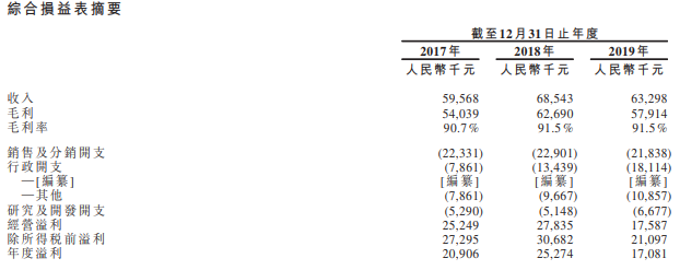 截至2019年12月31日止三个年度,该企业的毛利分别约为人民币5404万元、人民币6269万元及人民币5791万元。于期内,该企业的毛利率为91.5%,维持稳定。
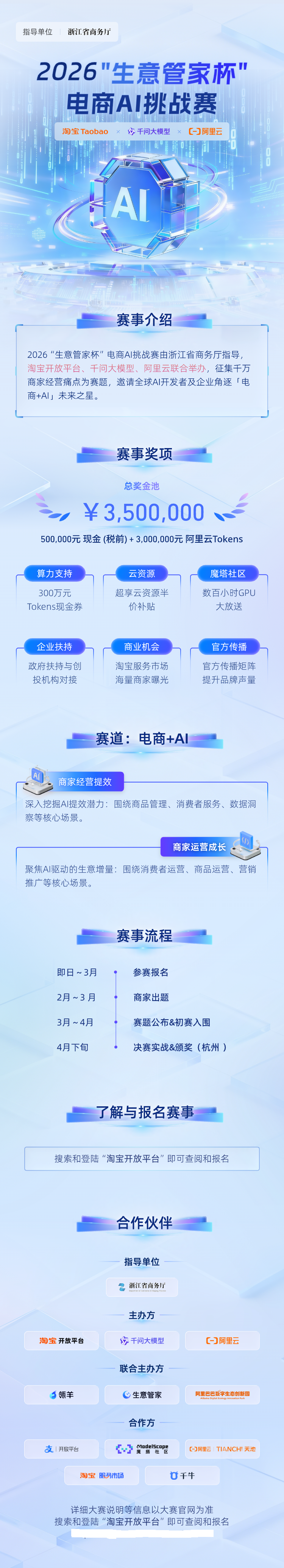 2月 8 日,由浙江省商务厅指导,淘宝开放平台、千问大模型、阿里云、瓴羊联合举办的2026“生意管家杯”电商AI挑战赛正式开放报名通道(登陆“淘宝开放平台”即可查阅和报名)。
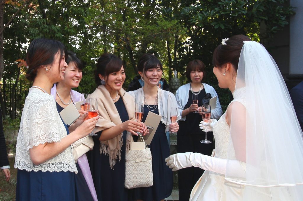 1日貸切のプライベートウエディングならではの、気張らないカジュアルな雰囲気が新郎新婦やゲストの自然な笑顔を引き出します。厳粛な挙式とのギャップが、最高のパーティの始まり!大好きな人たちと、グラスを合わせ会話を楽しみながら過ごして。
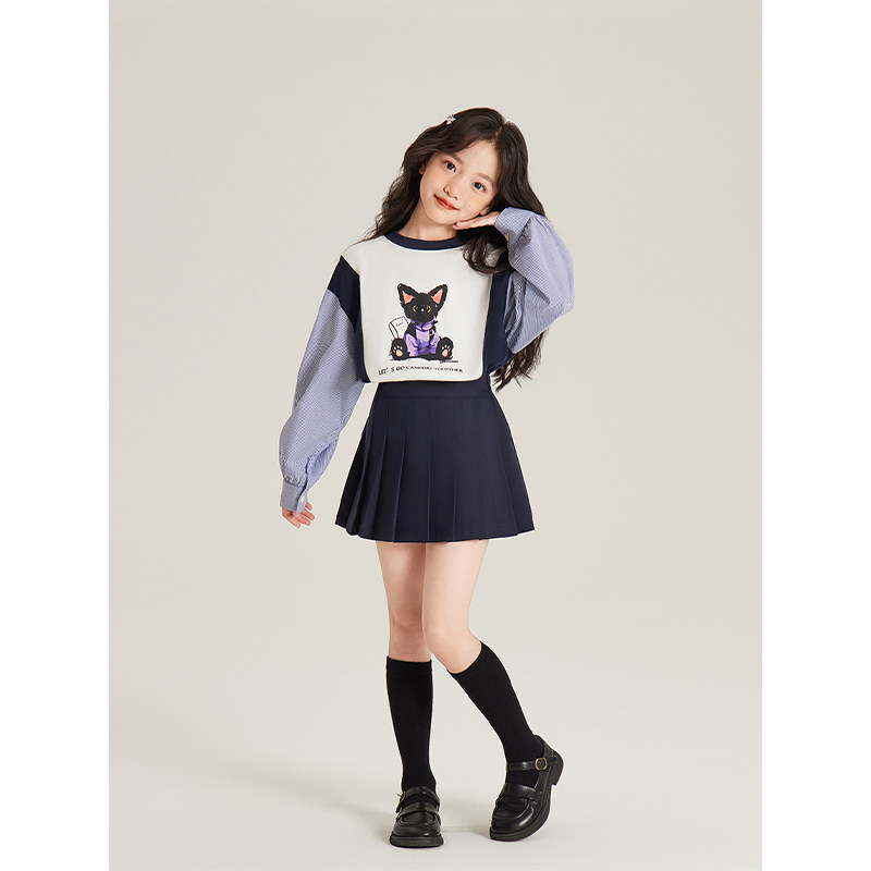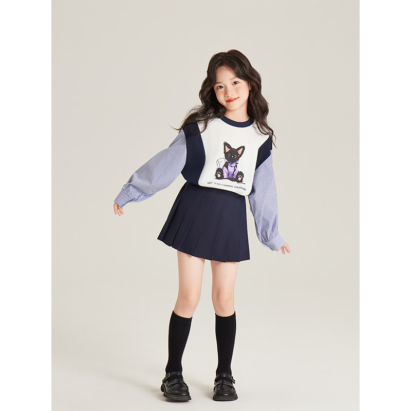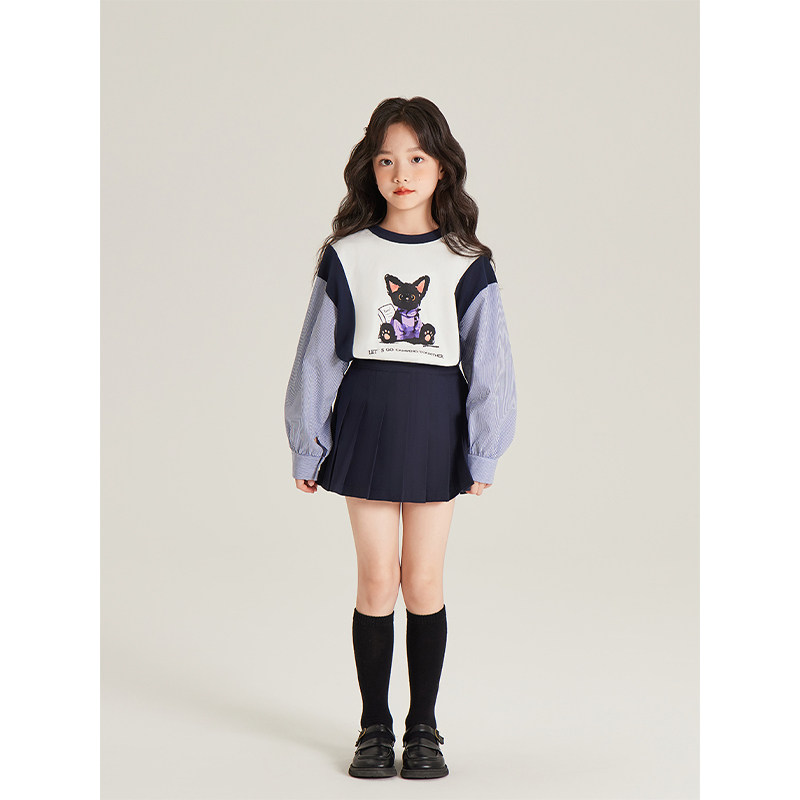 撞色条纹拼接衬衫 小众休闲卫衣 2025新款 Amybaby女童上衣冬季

◆ ◆ ◆ ◆ ◆ ◆ ◆

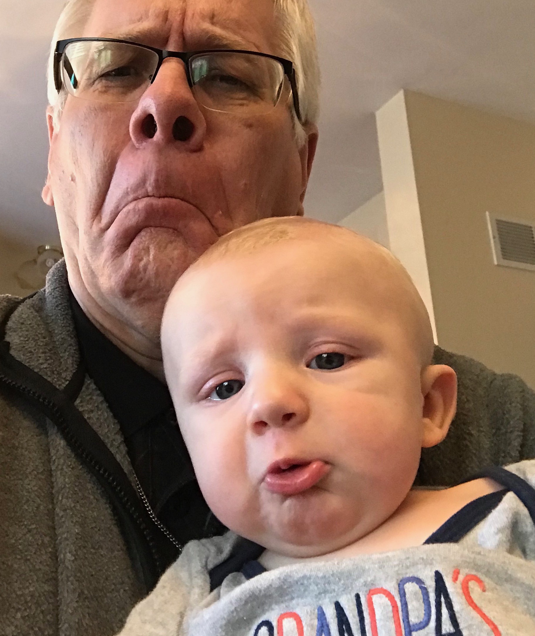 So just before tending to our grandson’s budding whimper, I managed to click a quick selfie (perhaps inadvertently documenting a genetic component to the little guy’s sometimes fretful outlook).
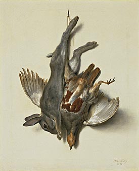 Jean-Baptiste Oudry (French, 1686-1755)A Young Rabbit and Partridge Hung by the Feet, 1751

◆ ◆ ◆ ◆ ◆ ◆ ◆

What the task requires -
Range to print from the listing above: from the line with "截至2019年12月31日止" up to and including the line with "撞色条纹拼接衬衫 小众休闲卫衣 2025新款 Amybaby女童上衣冬季". Please print those lines exactly, with no pictures and nothing more.

Solution to this task -
 截至2019年12月31日止三个年度,该企业的毛利分别约为人民币5404万元、人民币6269万元及人民币5791万元。于期内,该企业的毛利率为91.5%,维持稳定。
 2月 8 日,由浙江省商务厅指导,淘宝开放平台、千问大模型、阿里云、瓴羊联合举办的2026“生意管家杯”电商AI挑战赛正式开放报名通道(登陆“淘宝开放平台”即可查阅和报名)。
 1日貸切のプライベートウエディングならではの、気張らないカジュアルな雰囲気が新郎新婦やゲストの自然な笑顔を引き出します。厳粛な挙式とのギャップが、最高のパーティの始まり!大好きな人たちと、グラスを合わせ会話を楽しみながら過ごして。
 撞色条纹拼接衬衫 小众休闲卫衣 2025新款 Amybaby女童上衣冬季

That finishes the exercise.